• nishank gupta
    15
    Hi All,

    This is my first post on these forums - so please let me know if I am violating any forum rules, and I shall try and comply as best as I can. ( I did go through guidelines).

    I have had some thoughts on the nature of truth in mathematics and language, for a while now. I have tried my best to transform these thoughts into words. I have written a blog about the same on:

    Here is the first post on the subject: I have written a total of three and plan to write a couple more based on the feedback I get. ( I want to make sure I am not too far off track)

    Truth in Mathematics
    Things in mathematics are equally true. Does this pique your interest? If so, read on.

    2 + 2 = 4, is true. So is,
    sin(pi) = 0, and even if you consider a property of a random object, or a probabilistic measure, let's say,
    Probability of getting a heads upon flipping a fair coin = 0.5
    This is true as well.

    The strange thing though is that they are equally true. We do not say that the truth of statement 1 in mathematics is more than the truth of statement 2 or so on.

    I will not attempt a Tarski and define truth with a circular definition (which is inevitable), but would assume that you and me share the meaning of the word "truth".

    For some reason I find this "equality in truth" to be strange and full of wonder at the same time. Do we assume that there exists something true in this world which is a constant and does not change and assign other statements of language this property?

    In the realm of both the physical and the mental, certain amount of doubt can be attributed to any statement or observation or thought. I do not know for certain if anything within that set, can be said to be true with certainty. And even if it could be, as they say in language, there are no black and whites but shades of grey. But it is indeed amazing that we can do so much with one truth.

    Only a sith deals in absolutes.

    On the other hand, any statement is only true under certain assumptions. The truth value of some statements can only be established under certain assumptions - in the sense that the truth value of any statement A can vary between unknown and true or false under different assumptions.But, once a statement is established as true, the truth of a statement made under a stronger assumption is again equally true as the truth of a statement made under a weaker assumption.

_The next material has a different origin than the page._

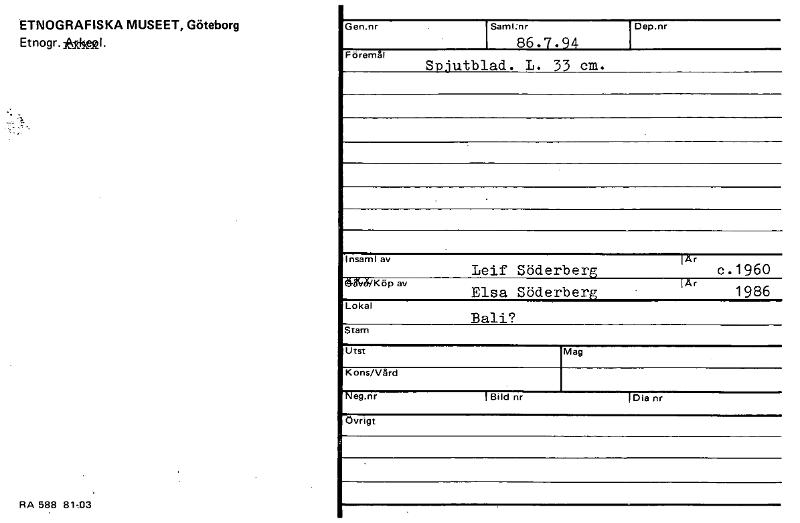 • ETNOGRAFISKA MUSEET, Göteborg Etnogr.36/(1§,es41. RA 588 81,03 Gen.nr Saml:nr 86.7.94 Dep.nr Föremål Spjutblad. L. 33 cm. • Insaml av Leif Söderberg lAr c.1960 -/Köp av Elsa Söderberg IÅr 1986 Lokal B... Visa hela
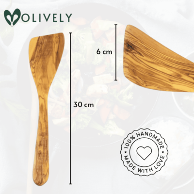 Jeder Pfannenwender wird aus einem Stück Olivenholz handgefertigt. Das bedeutet: Einzigartige Maserung, individuelle Form – kein Exemplar gleicht dem anderen! Zudem liegt das ergonomische Design angenehm in der Hand und macht das Wenden, Rühren und Servieren mühelos.

    On the uniformity of Truth - Truth is dead
    There is no such thing as truth. The truth we have outside mathematics has no relationship with the truth in mathematics.


    Truth from here on will refer to the truth in mathematical statements.


    Making truth binary, has an interesting consequence. You now have the tool of negation. If something is not true then it is false. Normally one would leave the applications and implications to the people who work on the applied side of mathematics, but negation is a powerful tool in mathematics. There couldn't be much of math without it.


    So this is how I see things right now, regarding the nature of truth:

    Truth in math (calling this X, to avoid confusion) is completely different from the meaning we assign the word "True" linguistically.


    X does not exist. We do not even care if it exists. But, X forms the fundamental nature of mathematics. It's more like a definition. And, once we have laid down X, we can now proceed to discuss other statements under this umbrella, with astonishing precision.


    Do we lose anything when we lay down X, in the sense that does it make us unable to say a few things, which we could if we did not lay down X - I suspect that is true ( in a general sense), and maybe even inevitable, but laying down X is very powerful!. And without this X you cannot jump from a point in thought or reason to another. It is simply impossible to proceed without any assumptions whatsoever.


    Yes, that does seem very close to something what an applied guy would say, but yes, this is exactly how I see things currently. X is a definition, it has no meaning outside it's scope.


    Many problems are caused by confusing it (X) with the normal usage of the word "truth".

    Let me know what you think of it.
  • Brian
    88
    Hello and welcome! Hope you enjoy your stay and feel at home here!

    For some reason I find this "equality in truth" to be strange and full of wonder at the same time.

    I love this sentence of your blog post by the way. It's very Greek, isn't it? The idea of philosophy as full of wonder. Such a great description of things.

    I wish I knew more about mathematics which would help me answer the questions you raise about the nature of truth as it pertains to mathematics and then more generally.

    The truths of mathematics seem so much different than the truths of,say, the physical sciences which are founded upon those mathematical truths. If you've read Husserl's Ideas I he has a lot to say about the distinction between the a priori truths of mathematics and his phenomenology versus the empirical truths of physics and psychology.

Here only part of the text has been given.